Given data =
↓

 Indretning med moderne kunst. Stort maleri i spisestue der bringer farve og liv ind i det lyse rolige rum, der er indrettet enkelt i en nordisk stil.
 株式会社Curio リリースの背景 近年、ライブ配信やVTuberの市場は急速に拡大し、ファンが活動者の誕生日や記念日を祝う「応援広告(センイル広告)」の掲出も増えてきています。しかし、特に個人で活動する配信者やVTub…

↑
↓

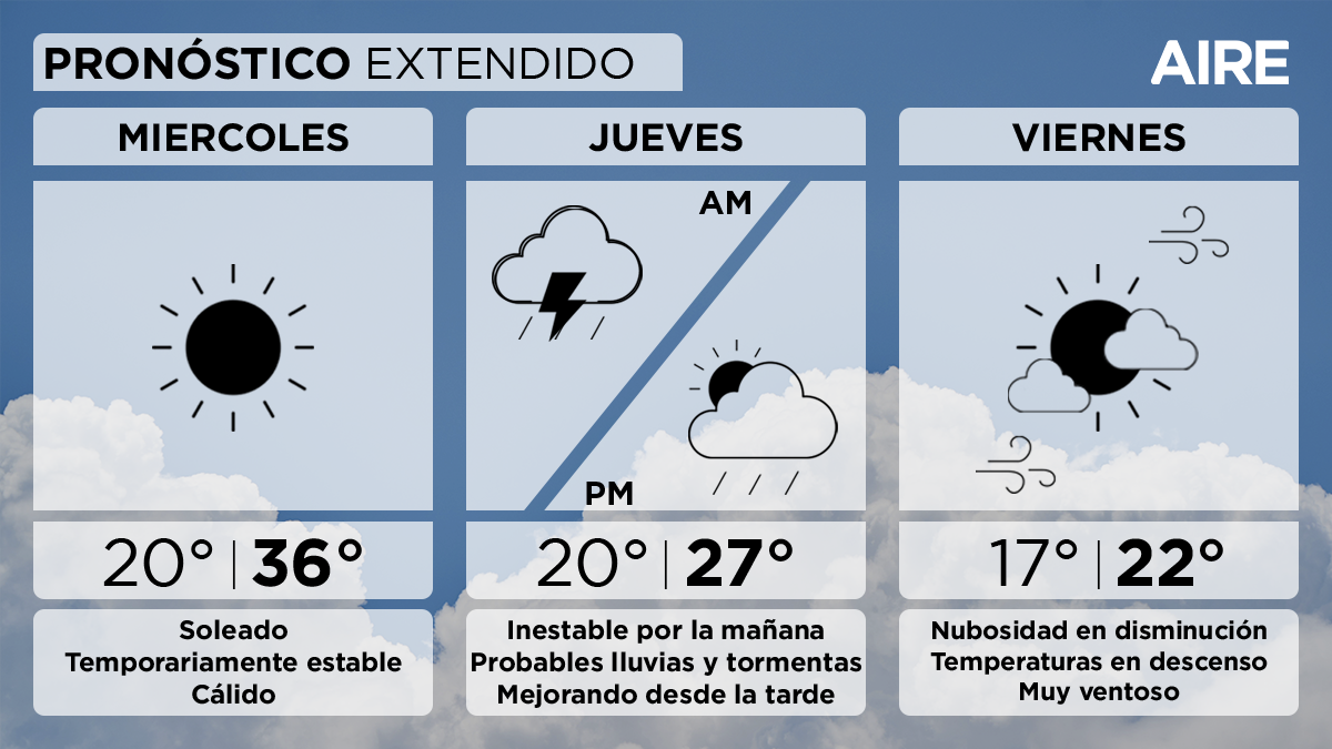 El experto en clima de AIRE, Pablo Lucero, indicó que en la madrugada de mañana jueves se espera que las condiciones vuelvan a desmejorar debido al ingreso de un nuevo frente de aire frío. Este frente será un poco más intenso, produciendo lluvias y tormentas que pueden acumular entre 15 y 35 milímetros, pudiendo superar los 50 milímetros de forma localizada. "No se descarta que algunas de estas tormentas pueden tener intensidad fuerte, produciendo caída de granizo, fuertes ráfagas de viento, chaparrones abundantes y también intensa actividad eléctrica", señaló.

↑
↓

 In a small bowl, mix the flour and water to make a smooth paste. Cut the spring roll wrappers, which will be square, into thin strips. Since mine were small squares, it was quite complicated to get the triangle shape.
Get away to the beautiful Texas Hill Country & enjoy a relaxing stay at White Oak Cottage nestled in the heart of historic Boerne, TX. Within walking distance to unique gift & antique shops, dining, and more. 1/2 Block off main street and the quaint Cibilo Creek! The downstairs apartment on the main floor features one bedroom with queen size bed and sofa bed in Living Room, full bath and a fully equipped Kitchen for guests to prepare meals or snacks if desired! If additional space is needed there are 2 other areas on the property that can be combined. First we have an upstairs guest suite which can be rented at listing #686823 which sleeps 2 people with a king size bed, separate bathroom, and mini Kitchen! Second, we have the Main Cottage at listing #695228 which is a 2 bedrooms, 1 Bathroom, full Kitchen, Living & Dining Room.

↑

About this exercise =
Nothing should appear in the answer except the lines above from the line with "In a small bowl, mix" through the line with "Get away to", both included, written out exactly.

Response =
 In a small bowl, mix the flour and water to make a smooth paste. Cut the spring roll wrappers, which will be square, into thin strips. Since mine were small squares, it was quite complicated to get the triangle shape.
Get away to the beautiful Texas Hill Country & enjoy a relaxing stay at White Oak Cottage nestled in the heart of historic Boerne, TX. Within walking distance to unique gift & antique shops, dining, and more. 1/2 Block off main street and the quaint Cibilo Creek! The downstairs apartment on the main floor features one bedroom with queen size bed and sofa bed in Living Room, full bath and a fully equipped Kitchen for guests to prepare meals or snacks if desired! If additional space is needed there are 2 other areas on the property that can be combined. First we have an upstairs guest suite which can be rented at listing #686823 which sleeps 2 people with a king size bed, separate bathroom, and mini Kitchen! Second, we have the Main Cottage at listing #695228 which is a 2 bedrooms, 1 Bathroom, full Kitchen, Living & Dining Room.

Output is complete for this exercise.